Erste Group Bank AG (London) v JSC (VMZ Red October) & Ors (2013)

Summary

It had been appropriate to permit service of proceedings alleging unlawful means conspiracy on defendants outside the jurisdiction in Russia as there was a serious issue to be tried, the relevant requirements of CPR PD 6B para.3.1 were met, and the claimant had demonstrated that England was the appropriate and proper forum for the dispute's determination.

Facts

The applicants (R and L) applied to set aside service of proceedings upon them outside the jurisdiction.

The respondent bank (E) had issued proceedings seeking to recover sums due under a loan agreement. Under the agreement, E could require any dispute to be subject to the exclusive jurisdiction of the English courts. E's case was that the default by the first defendant borrower and second defendant guarantor was engineered deliberately by an unlawful means conspiracy between R, L and the other defendants designed to strip the borrower and the guarantor of their assets and render them insolvent. E also sought an order under the Insolvency Act 1986 s.423. Having found that R and the other parties were necessary and proper parties to the claim under CPR PD 6B para.3.1, the court granted E permission to serve the claim form on them outside the jurisdiction in Russia. E was subsequently granted summary judgment against the borrower and guarantor.

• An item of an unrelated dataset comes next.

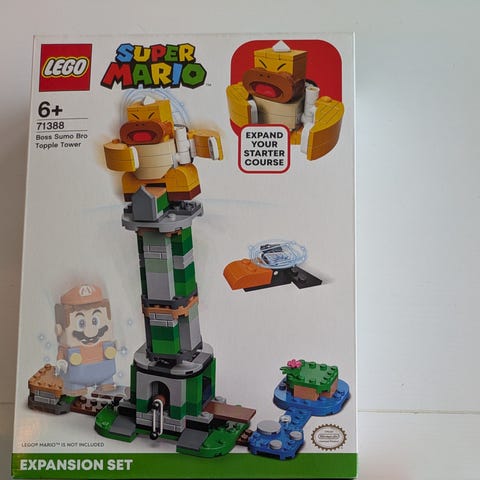La barn utvide LEGO® Super Mario universet sitt med en ekstra utfordring med ekstrabanesettet Boss Sumo Bro og tårnvelt. Settet inkluderer et tårn som vippes frem og tilbake når LEGO® Mario og/eller LEGO® Luigi (figurene følger ikke med) hopper på spakene ved tårnets fot. Tårnet kan bygges i ulike høyder, og en superstjerneblokk kommer til syne når Boss Sumo Bro veltes. Inkluderer også en figur av Crowber. (Merk: Man må ha startbanesettet 71360 eller 71387 for å kunne spille interaktivt.)

R and L contended that, under Regulation 864/2007 art.4, the governing law of the tort claims in conspiracy and for unlawful interference was Russian law and that since E had only pleaded its tort claim as a matter of English law, no case of Russian law was made out or pleaded so that the case against them was unsustainable and E could not show any serious issue to be tried.

Held

The chronology demonstrated a serious issue to be tried that R and the other defendants had conspired to divert the borrower's and guarantor's assets and put them out of the reach of external creditors, including E. If R or another defendant wished to allege that the applicable law was Russian law and that as a matter of Russian law the ingredients of the relevant delict or civil wrong were different from the position in English law, they would need to plead that in due course and, if E wished at that stage to plead an alternative case in Russian law, it would be in a position to do so, Kuwait Oil Tanker Co SAK v Al-Bader (No.3) [2000] 2 All E.R. (Comm) 271 and VTB Capital Plc v Nutritek International Corp [2012] EWCA Civ 808, [2012] 2 Lloyd's Rep. 313 followed. R and the other defendants were necessary or proper parties within CPR PD 6B para.3.1(3), E's conspiracy and other tort claims were claims made in tort where damage was sustained within the jurisdiction within CPR PD 6B para.3.1(9)(a), and the claim under s.423 was a claim made under an enactment within CPR PD 6B para.3.1(20). It would verge on the perverse for E to have to litigate the conspiracy and other tort claims against companies arguably in the same group as the borrower and the guarantor in Russia, involving as that would involve relitigating the same complex issues of fact with all the attendant waste of costs and risk of inconsistent findings in the two jurisdictions. E had demonstrated that England was the appropriate and proper forum for the dispute's determination, and service of the claim outside the jurisdiction was upheld (see paras 84, 89-91, 156, 231-232 of judgment).